DATA BLOCK:
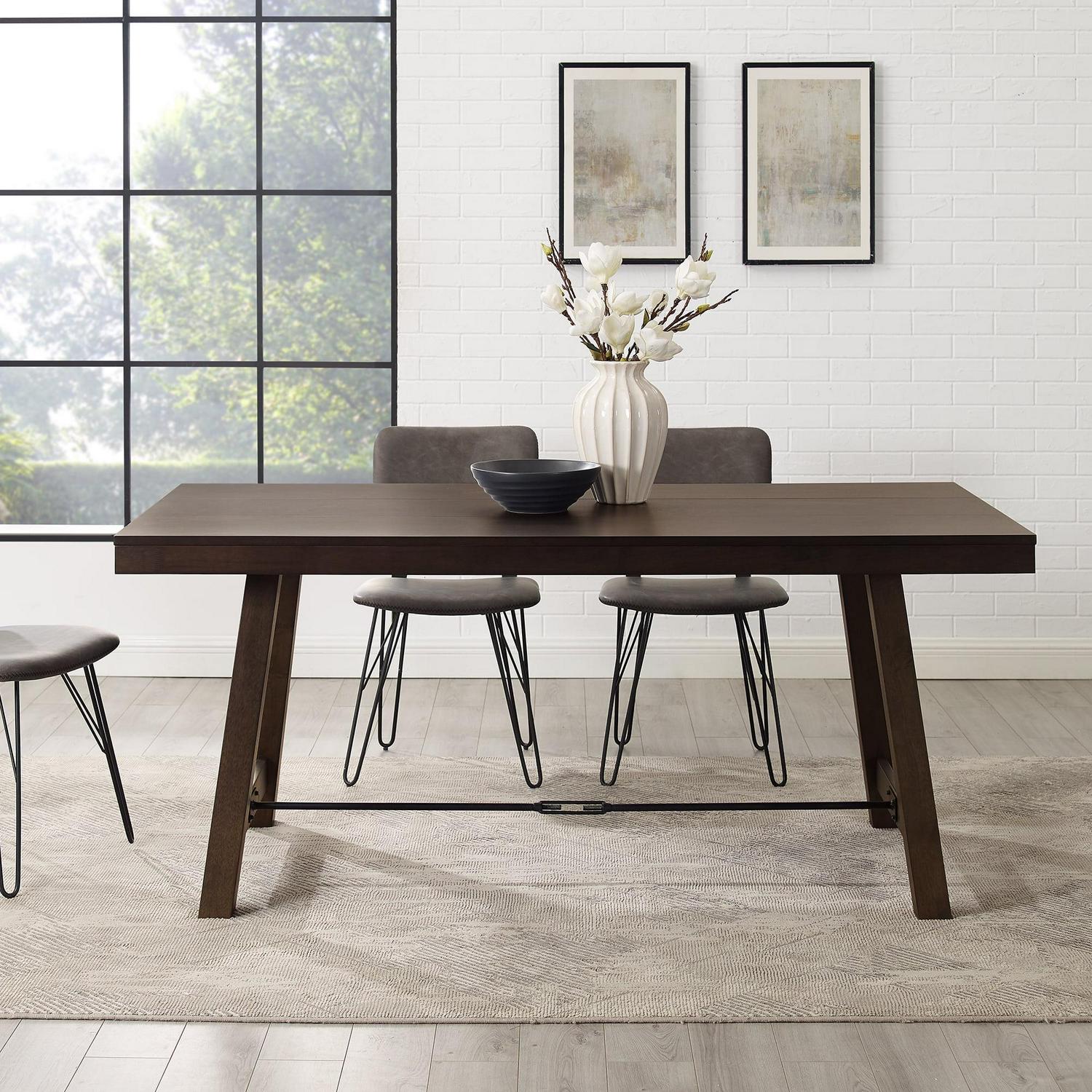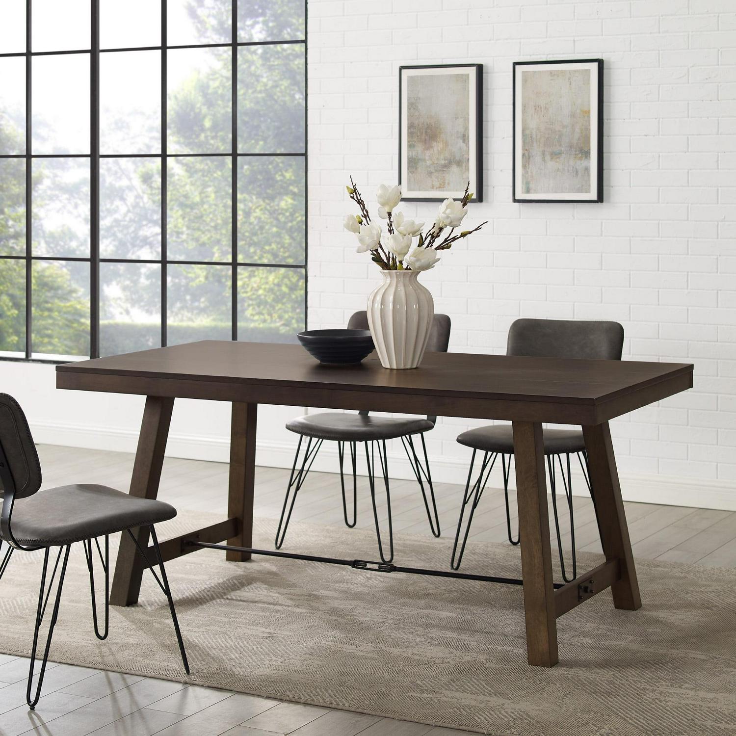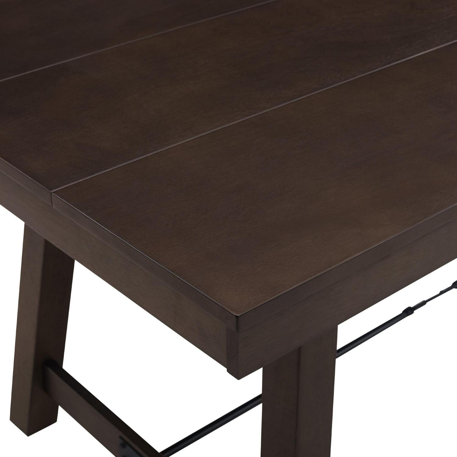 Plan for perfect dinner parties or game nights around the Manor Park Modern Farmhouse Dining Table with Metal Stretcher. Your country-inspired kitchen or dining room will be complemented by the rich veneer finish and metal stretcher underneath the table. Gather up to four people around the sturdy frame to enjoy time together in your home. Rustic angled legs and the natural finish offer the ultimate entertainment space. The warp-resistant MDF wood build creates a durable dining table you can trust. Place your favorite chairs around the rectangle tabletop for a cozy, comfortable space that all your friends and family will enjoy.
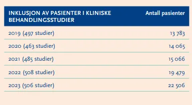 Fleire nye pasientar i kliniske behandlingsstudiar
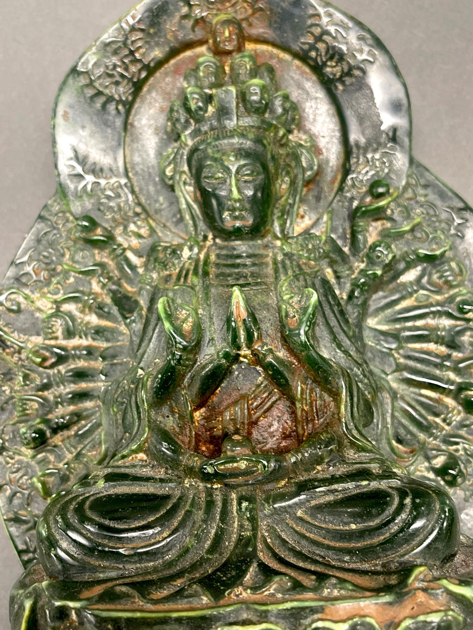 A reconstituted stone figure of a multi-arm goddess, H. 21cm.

TASK DIRECTIONS: Reproduce the data word for word, excluding its pictures.

RESPONSE TO THE TASK:
 Plan for perfect dinner parties or game nights around the Manor Park Modern Farmhouse Dining Table with Metal Stretcher. Your country-inspired kitchen or dining room will be complemented by the rich veneer finish and metal stretcher underneath the table. Gather up to four people around the sturdy frame to enjoy time together in your home. Rustic angled legs and the natural finish offer the ultimate entertainment space. The warp-resistant MDF wood build creates a durable dining table you can trust. Place your favorite chairs around the rectangle tabletop for a cozy, comfortable space that all your friends and family will enjoy.
 Fleire nye pasientar i kliniske behandlingsstudiar
 A reconstituted stone figure of a multi-arm goddess, H. 21cm.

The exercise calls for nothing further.